Using the data that follows, give again word for word the lines between the one holding "学校では、今日検査がない生徒" and the one holding "古い塗装の研磨後は色むらを抑", inclusive. Omit the pictures.

## Given records

+-------+

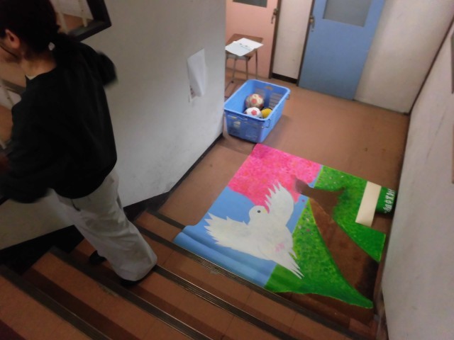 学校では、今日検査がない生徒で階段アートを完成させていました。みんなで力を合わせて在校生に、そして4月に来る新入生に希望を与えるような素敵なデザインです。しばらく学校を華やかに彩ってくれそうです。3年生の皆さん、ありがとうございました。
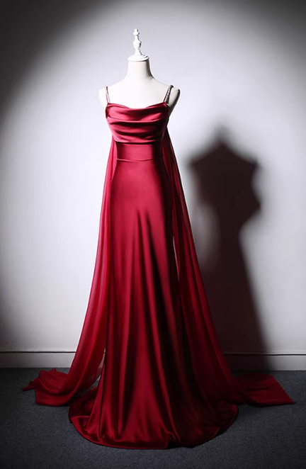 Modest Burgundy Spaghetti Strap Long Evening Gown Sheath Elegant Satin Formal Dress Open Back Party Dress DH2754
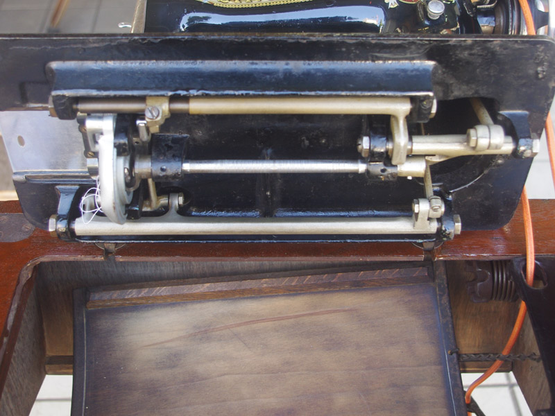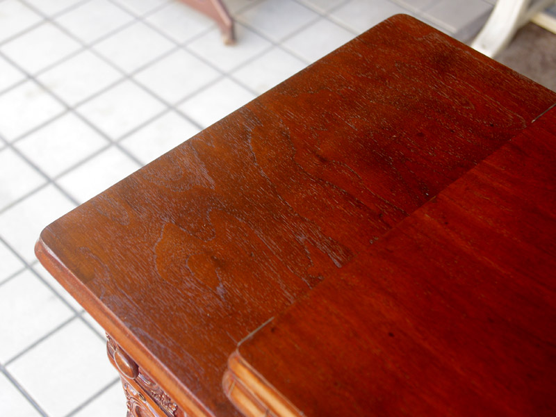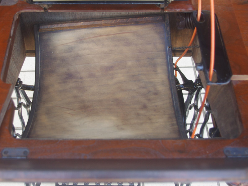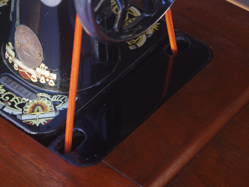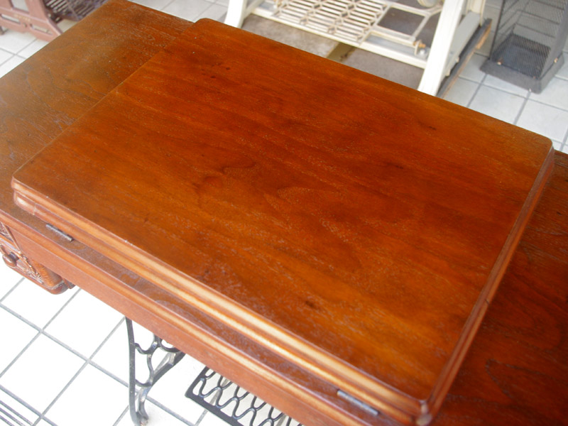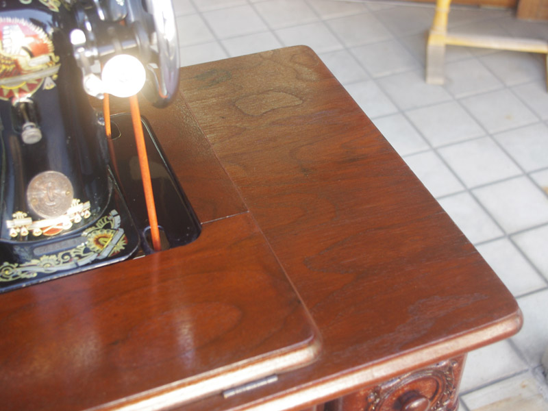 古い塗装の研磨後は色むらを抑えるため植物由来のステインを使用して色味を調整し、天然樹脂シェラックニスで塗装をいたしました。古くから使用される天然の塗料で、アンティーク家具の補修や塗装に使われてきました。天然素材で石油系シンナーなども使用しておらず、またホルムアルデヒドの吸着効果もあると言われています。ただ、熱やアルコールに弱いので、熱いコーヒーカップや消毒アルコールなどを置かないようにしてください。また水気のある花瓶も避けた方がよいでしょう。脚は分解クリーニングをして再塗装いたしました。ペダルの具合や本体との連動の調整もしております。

+-------+

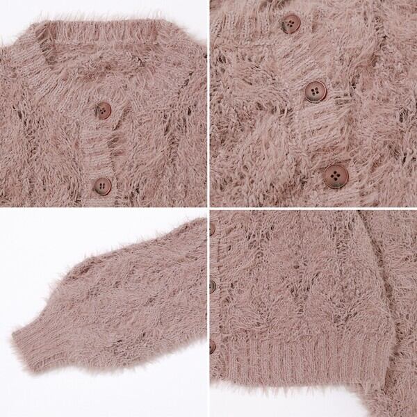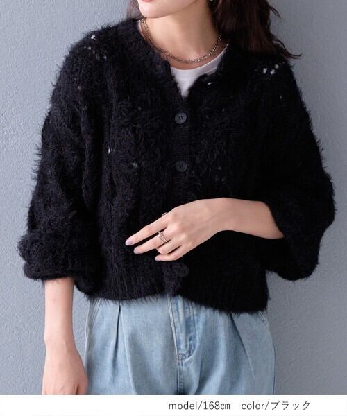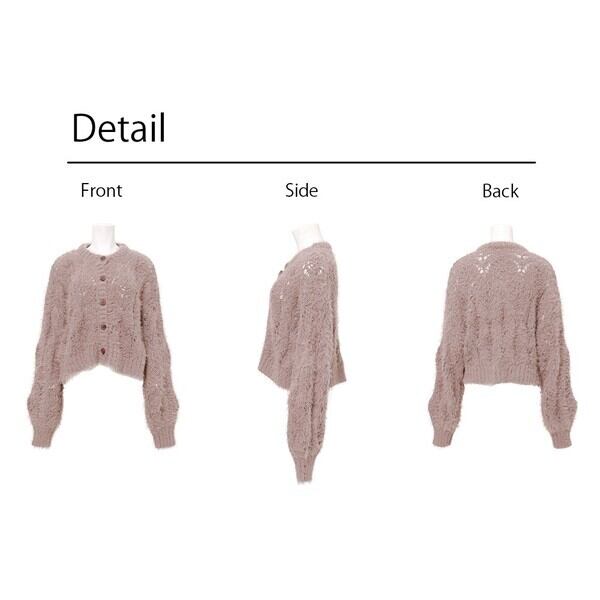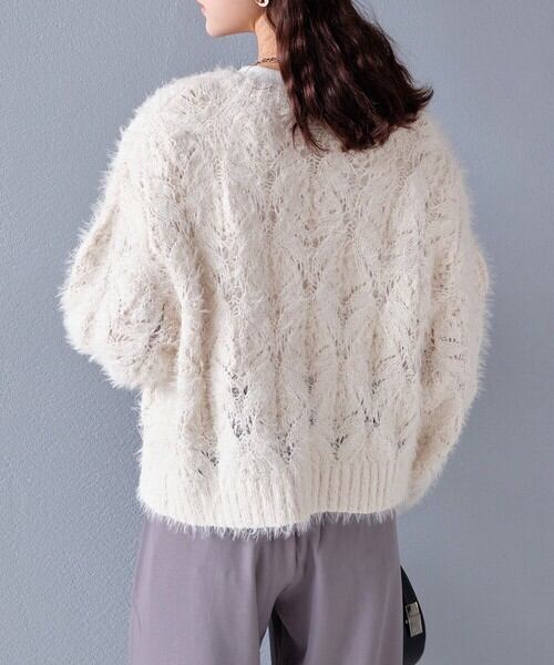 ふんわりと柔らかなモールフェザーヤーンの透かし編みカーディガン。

+-------+

## Solution for this problem
 学校では、今日検査がない生徒で階段アートを完成させていました。みんなで力を合わせて在校生に、そして4月に来る新入生に希望を与えるような素敵なデザインです。しばらく学校を華やかに彩ってくれそうです。3年生の皆さん、ありがとうございました。
 Modest Burgundy Spaghetti Strap Long Evening Gown Sheath Elegant Satin Formal Dress Open Back Party Dress DH2754
 古い塗装の研磨後は色むらを抑えるため植物由来のステインを使用して色味を調整し、天然樹脂シェラックニスで塗装をいたしました。古くから使用される天然の塗料で、アンティーク家具の補修や塗装に使われてきました。天然素材で石油系シンナーなども使用しておらず、またホルムアルデヒドの吸着効果もあると言われています。ただ、熱やアルコールに弱いので、熱いコーヒーカップや消毒アルコールなどを置かないようにしてください。また水気のある花瓶も避けた方がよいでしょう。脚は分解クリーニングをして再塗装いたしました。ペダルの具合や本体との連動の調整もしております。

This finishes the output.